There were plenty of long faces, angry accusations and some self-loathing after the Mariners spiraled into the history books. But once again, the...

Seattle Times staff reporter

DETROIT — There were plenty of long faces, angry accusations and some self-loathing after the Mariners spiraled into the history books.

But once again, the players and coaches had few answers as to how they've become the first contending team in modern history to lose 13 of 14 games this late in a season. No team that was at least 20 games over .500 at the 126-game mark of a season, as the Mariners were at the onset of this stretch, has suffered this many losses in so short a span.

Their place in the record books was sealed with a 12-6 loss to the Detroit Tigers on a humid Saturday night in which just about everything that could go wrong did. The Mariners looked on solemnly as the umpire blew an early call at first base, Jose Guillen blew two fly balls that bounced off his glove and the Tigers' hitters blew Seattle pitching out of the ballpark.

"You can blame it on me," Guillen said. "I will take full responsibility for those two balls."

Guillen threw his glove of five years into the stands and didn't try to get it back. He was too upset to talk about the team's free fall in the playoff standings.

The Mariners are almost double-digits behind the Los Angeles Angels in the American League West and are five back of the New York Yankees in a wild-card race that sees them in danger of falling into fourth spot.

That the Mariners were only a game out in the division and leading New York by two in the wild-card standings only 15 days ago exemplifies just how devastating this stretch of losses has been.
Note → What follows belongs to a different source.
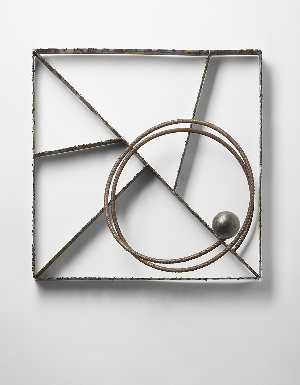 Eliseo Mattiacci (Cagli 1940) "Contatto" 2003 acciaio inox e ferro cm...

Guillen's dropped ball in the first inning on a Magglio Ordonez sacrifice fly helped spark Detroit to a three-run outburst and a 3-1 lead. Guillen's drop of a hard liner by Sean Casey to lead off the sixth, resulting in a double, put Casey aboard for Brandon Inge's two-run homer off Jeff Weaver that put Detroit ahead to stay.

Ivan Rodriguez also went deep for Detroit, a solo home run in the eighth off Jorge Campillio. Adrian Beltre and Yuniesky Betancourt countered with game-tying solo shots in the third and fourth off Tigers lefty starter Nate Robertson.

As hard as the Mariners fought to stay in it, scoring in each of the first five innings for the first time since Sept. 6, 2001, it wasn't their night.

Ichiro was victimized for the third time in less than a week by a blown call as first-base umpire Brian Gorman wrongly ruled him out on a grounder leading off the game.

The normally impassive Ichiro complained about the call on the field. And after the game, Ichiro, the pressures of this long season perhaps getting to him, could barely contain his disgust.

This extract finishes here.